(Your instructions): An exact copy is needed of the lines in the entries below from the line with "The metabolic transformation" up to and including the line with "however you wish.", and of nothing else. Leave the pictures out.

(Dataset records):
##############################
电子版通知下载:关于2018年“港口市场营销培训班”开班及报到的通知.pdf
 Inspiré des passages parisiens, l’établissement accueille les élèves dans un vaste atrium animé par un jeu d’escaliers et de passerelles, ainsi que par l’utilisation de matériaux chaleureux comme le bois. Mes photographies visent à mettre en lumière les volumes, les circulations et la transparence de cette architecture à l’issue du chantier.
##############################
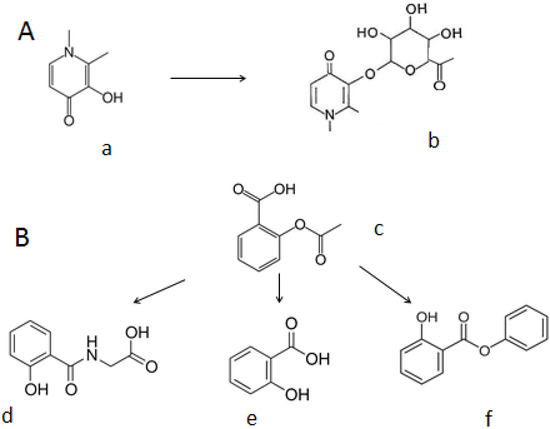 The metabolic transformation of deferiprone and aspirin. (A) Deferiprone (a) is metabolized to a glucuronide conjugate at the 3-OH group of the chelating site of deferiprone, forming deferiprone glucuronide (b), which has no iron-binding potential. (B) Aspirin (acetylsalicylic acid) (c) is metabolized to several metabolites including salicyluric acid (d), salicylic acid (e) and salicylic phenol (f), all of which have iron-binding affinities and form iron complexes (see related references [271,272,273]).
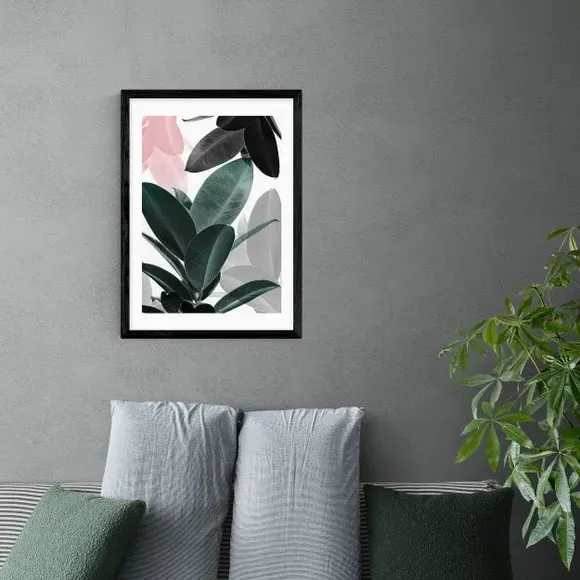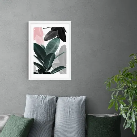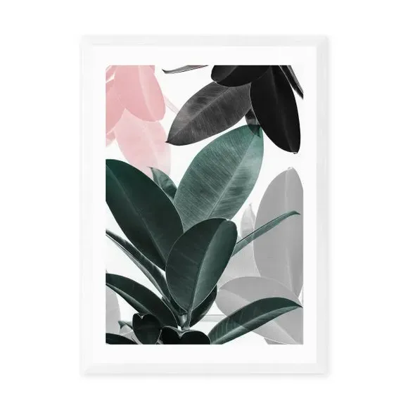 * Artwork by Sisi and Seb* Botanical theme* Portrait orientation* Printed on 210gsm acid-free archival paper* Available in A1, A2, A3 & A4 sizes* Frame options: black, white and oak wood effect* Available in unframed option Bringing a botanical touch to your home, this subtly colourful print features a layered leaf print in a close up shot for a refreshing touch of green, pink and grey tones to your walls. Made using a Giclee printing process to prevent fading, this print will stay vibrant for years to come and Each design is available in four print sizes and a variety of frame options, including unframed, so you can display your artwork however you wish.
##############################
(Exercise response):
 The metabolic transformation of deferiprone and aspirin. (A) Deferiprone (a) is metabolized to a glucuronide conjugate at the 3-OH group of the chelating site of deferiprone, forming deferiprone glucuronide (b), which has no iron-binding potential. (B) Aspirin (acetylsalicylic acid) (c) is metabolized to several metabolites including salicyluric acid (d), salicylic acid (e) and salicylic phenol (f), all of which have iron-binding affinities and form iron complexes (see related references [271,272,273]).
 * Artwork by Sisi and Seb* Botanical theme* Portrait orientation* Printed on 210gsm acid-free archival paper* Available in A1, A2, A3 & A4 sizes* Frame options: black, white and oak wood effect* Available in unframed option Bringing a botanical touch to your home, this subtly colourful print features a layered leaf print in a close up shot for a refreshing touch of green, pink and grey tones to your walls. Made using a Giclee printing process to prevent fading, this print will stay vibrant for years to come and Each design is available in four print sizes and a variety of frame options, including unframed, so you can display your artwork however you wish.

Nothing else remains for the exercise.